Source data
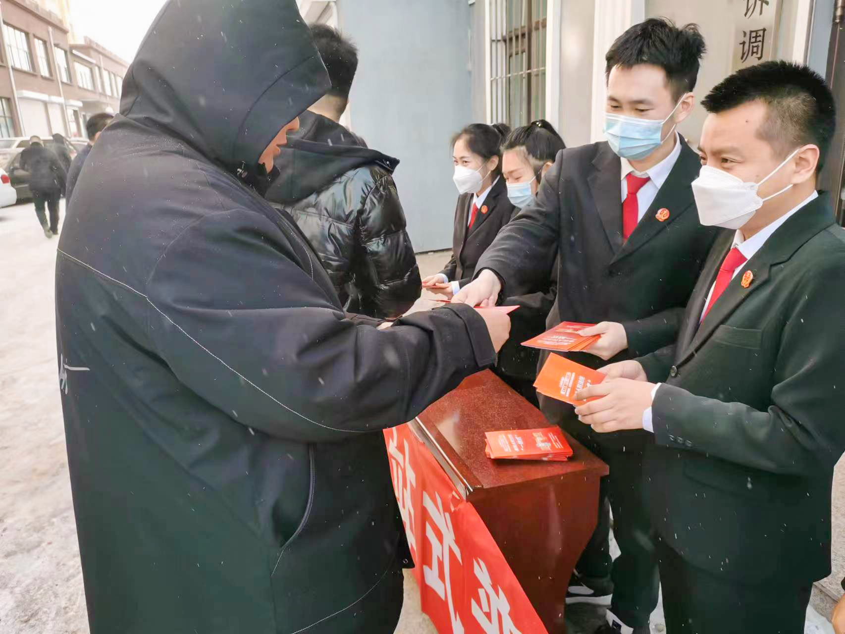 为深入贯彻落实党的二十大关于“深入开展法治宣传教育,增强全民法治观念”部署要求,做好“一站式”普法宣传工作,2月8日上午,庆安县人民法院开展“一站式普法宣传”活动,围绕非诉解纷、法律咨询、跨域立案、网上立案等内容进行宣传。
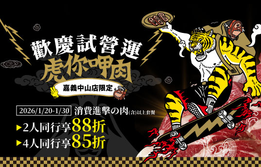 2人同行,憑券消費858進擊の肉(含)以上套餐,享88折!!
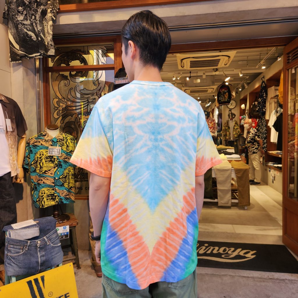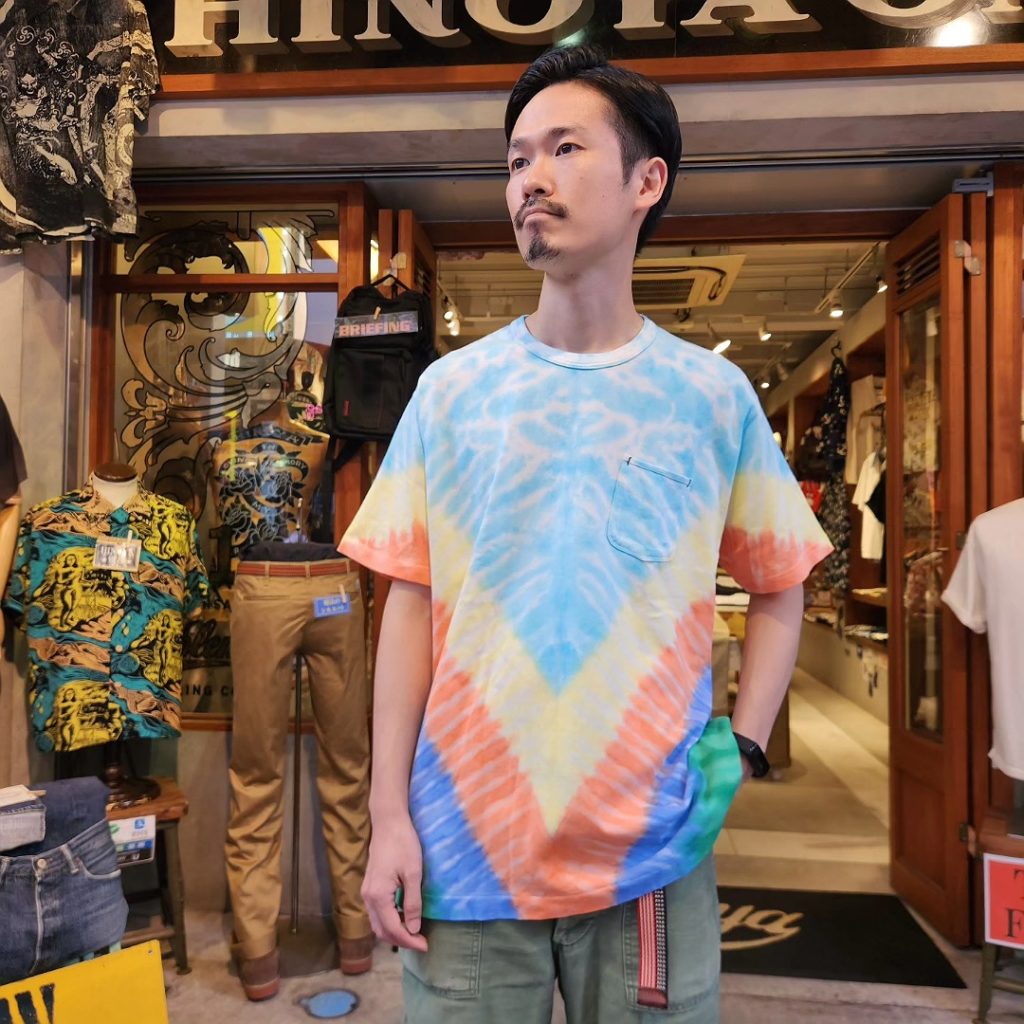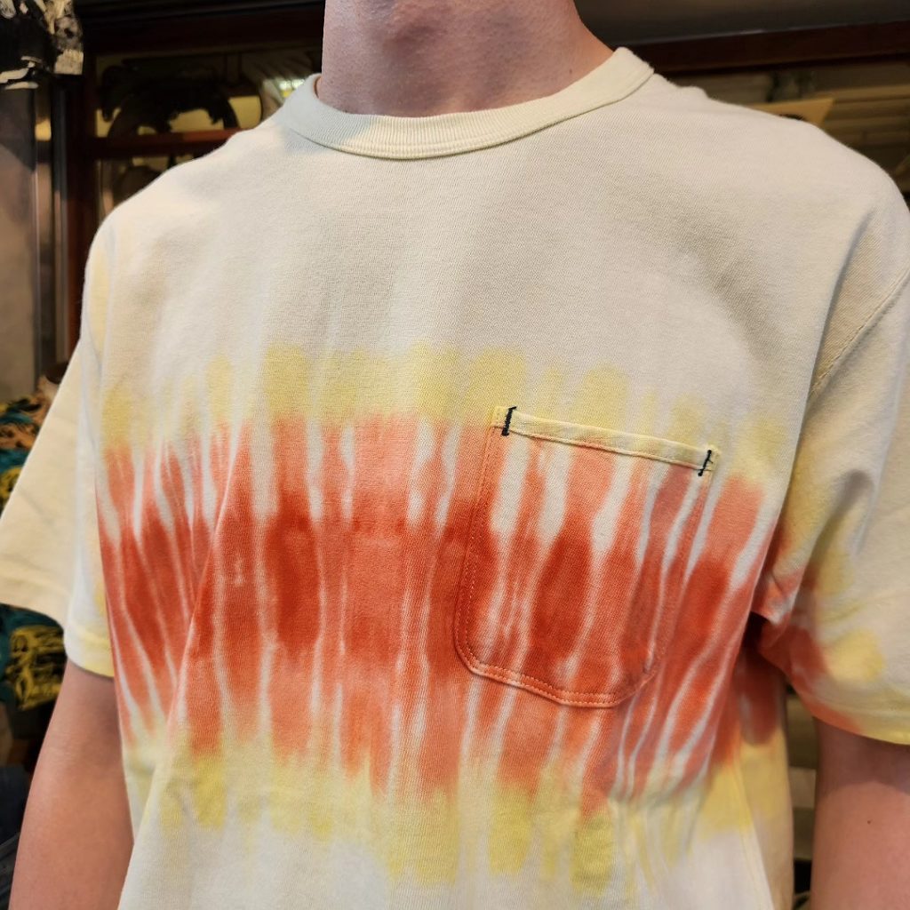 大人気バーガスプラスのポケ teeに日本のタイダイ染めのパイオニア小上馬和宏氏に染めを施してもらいました。今回染めに関しては全ておまかせ。柄や色の出方も全部が一点物となっております♪
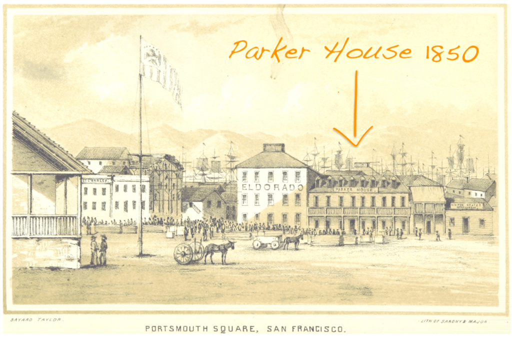As this illustration indicates, the hotel was a two-story, wooden building with additional rooms in its attic space. Second floor rooms had access to a covered balcony area, and windows on any floor offered a prime view of the bustling Portsmouth Square. Parker House was considered the best hotel of its time on the west coast, and catered to its era’s power players—the gold digging gamblers. Carpeted floors, a well stocked bar, multiple billiard tables, paintings of naked women in alluring poses, complimentary wine at the gambling tables to grease the game… San Francisco’s reputation for moneyed extravagance and hedonism had commenced in earnest. For those of us who know contemporary San Francisco rent prices to be astronomical, consider that in the Gold Rush era a room at the Parker House could run $5,000 a month, and was only rented in yearlong commitments—i.e. $60K per year!
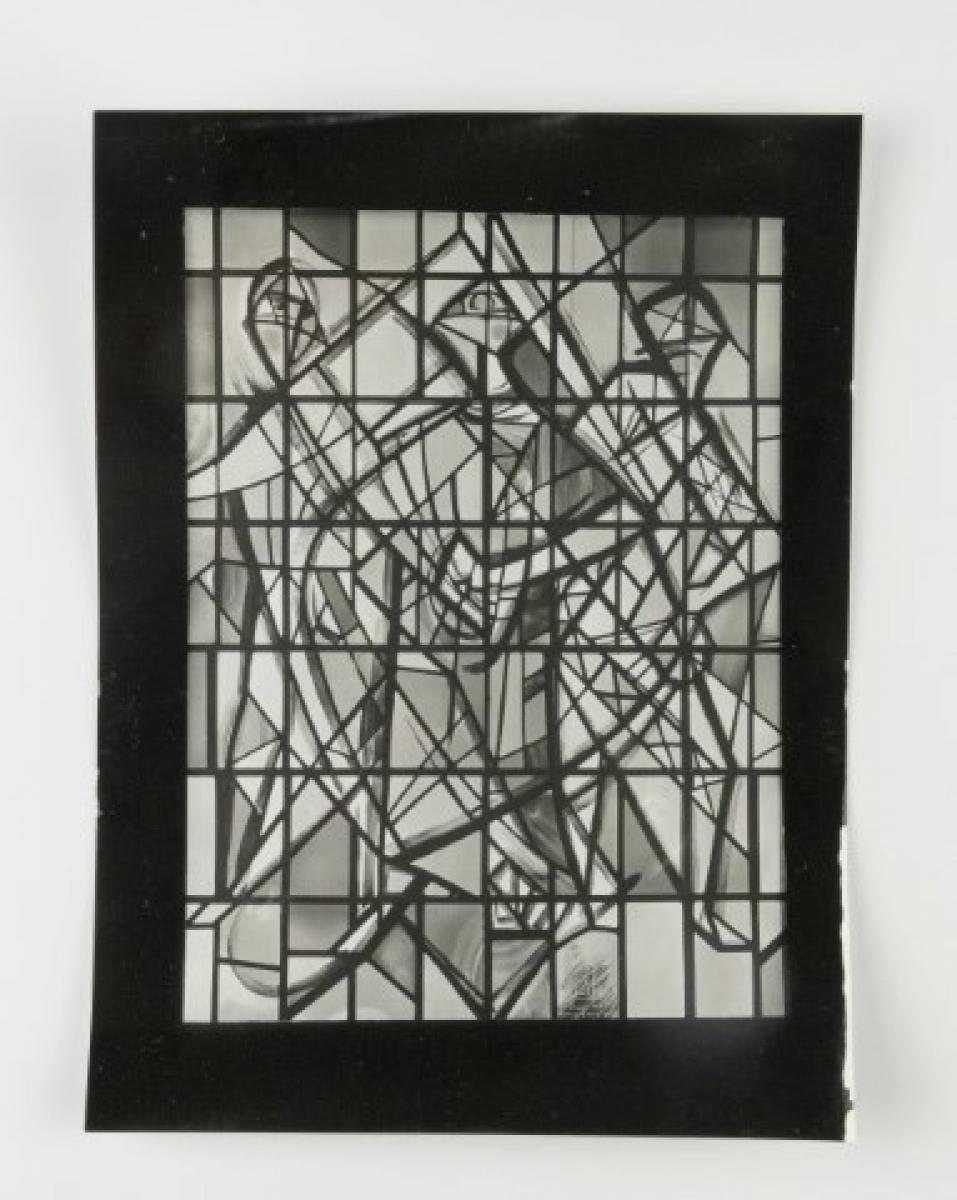 Brief description: Black and white photograph of a single light window of an abstract Mary, Joseph and Christ. Designed at the Goddard and Gibbs studio, London
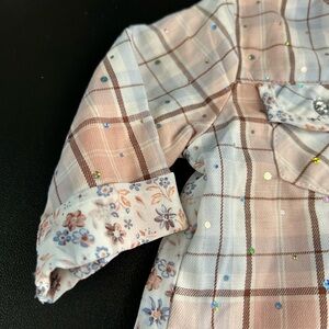 The first is from Little lass it’s a button front sequin plaid and floral top high low waist
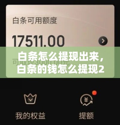 4、首先,你需要在京东金融APP上绑定一张储蓄卡。这是提现白条额度的前提条件,确保你的储蓄卡信息准确无误,且该卡支持京东金融的提现业务。白条额度提现:绑定储蓄卡后,你可以将京东白条里的可用额度提现到该储蓄卡中。在京东白条页面,选择“提现”功能,按照页面提示操作,输入提现金额并确认提现。
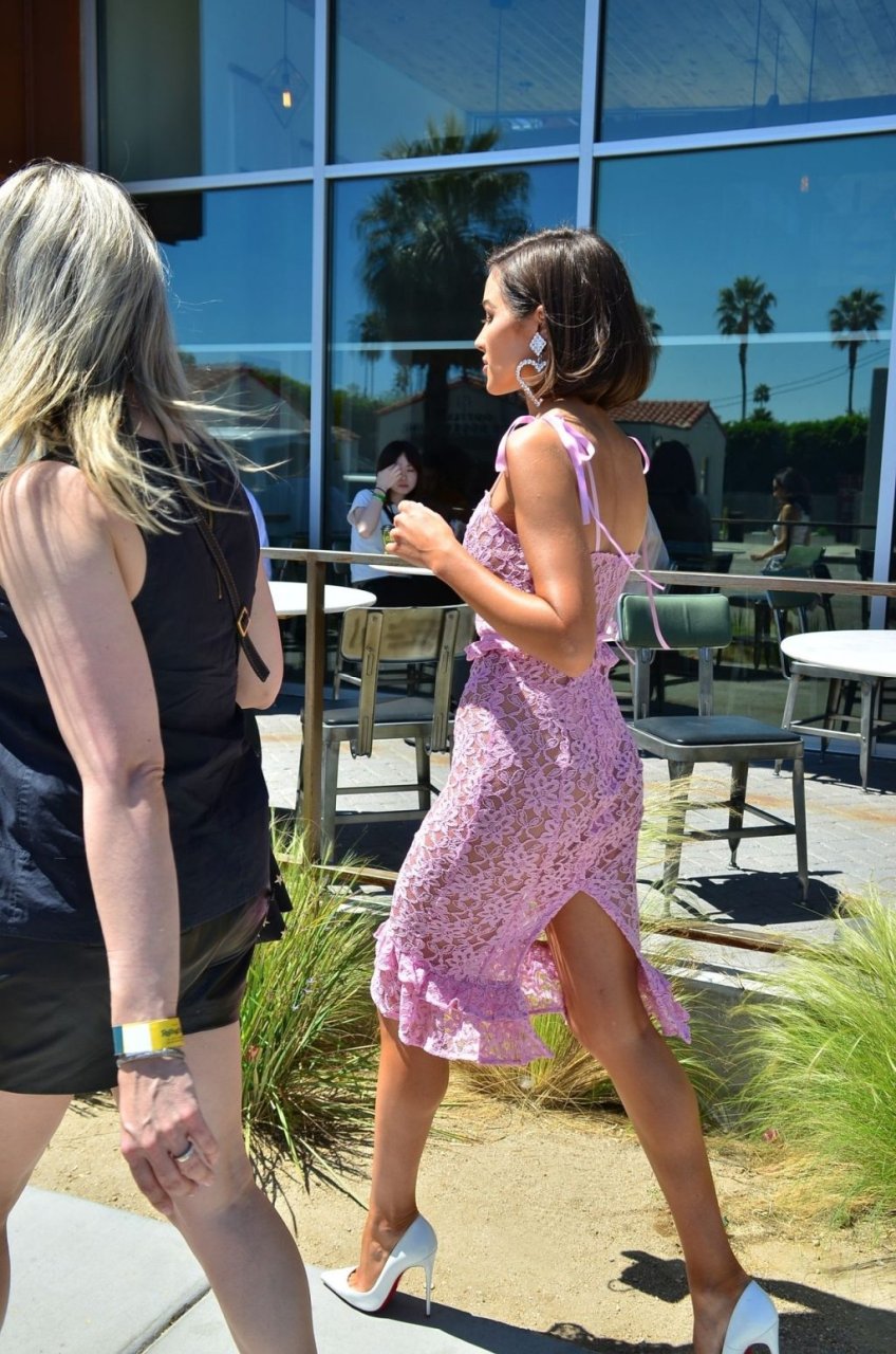 Olivia Culpo participa da Festa Lucky Brand Coachella no Hotel Arrive em Palm Springs, 13/04/2019. Ela usava uma cobertura rosa transparente com um biquíni rosa por baixo, e depois saiu da festa com um vestido vermelho e azul marinho.
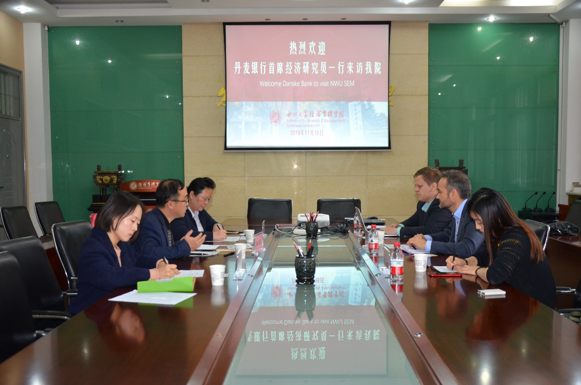 11月15日上午,丹麦银行首席经济研究员Allan von Mehren先生、北京代表处首席代表、大中华区负责人Mathias Severin Boyer先生、北京代表处研究分析员Adie Zhang女士一行来访我院,我院副院长师博教授、院长助理康蓉副教授及外事办公室毛丹阳老师参加座谈。

▸ The problem: Once the line containing "2人同行,憑券消費858進擊の肉(含)以上套餐,享88折!!" is located, write out exactly that line and each one after it to the end of the records above, excluding pictures and nothing else.

▸ Final answer:
 2人同行,憑券消費858進擊の肉(含)以上套餐,享88折!!
 大人気バーガスプラスのポケ teeに日本のタイダイ染めのパイオニア小上馬和宏氏に染めを施してもらいました。今回染めに関しては全ておまかせ。柄や色の出方も全部が一点物となっております♪
As this illustration indicates, the hotel was a two-story, wooden building with additional rooms in its attic space. Second floor rooms had access to a covered balcony area, and windows on any floor offered a prime view of the bustling Portsmouth Square. Parker House was considered the best hotel of its time on the west coast, and catered to its era’s power players—the gold digging gamblers. Carpeted floors, a well stocked bar, multiple billiard tables, paintings of naked women in alluring poses, complimentary wine at the gambling tables to grease the game… San Francisco’s reputation for moneyed extravagance and hedonism had commenced in earnest. For those of us who know contemporary San Francisco rent prices to be astronomical, consider that in the Gold Rush era a room at the Parker House could run $5,000 a month, and was only rented in yearlong commitments—i.e. $60K per year!
 Brief description: Black and white photograph of a single light window of an abstract Mary, Joseph and Christ. Designed at the Goddard and Gibbs studio, London
 The first is from Little lass it’s a button front sequin plaid and floral top high low waist
 4、首先,你需要在京东金融APP上绑定一张储蓄卡。这是提现白条额度的前提条件,确保你的储蓄卡信息准确无误,且该卡支持京东金融的提现业务。白条额度提现:绑定储蓄卡后,你可以将京东白条里的可用额度提现到该储蓄卡中。在京东白条页面,选择“提现”功能,按照页面提示操作,输入提现金额并确认提现。
 Olivia Culpo participa da Festa Lucky Brand Coachella no Hotel Arrive em Palm Springs, 13/04/2019. Ela usava uma cobertura rosa transparente com um biquíni rosa por baixo, e depois saiu da festa com um vestido vermelho e azul marinho.
 11月15日上午,丹麦银行首席经济研究员Allan von Mehren先生、北京代表处首席代表、大中华区负责人Mathias Severin Boyer先生、北京代表处研究分析员Adie Zhang女士一行来访我院,我院副院长师博教授、院长助理康蓉副教授及外事办公室毛丹阳老师参加座谈。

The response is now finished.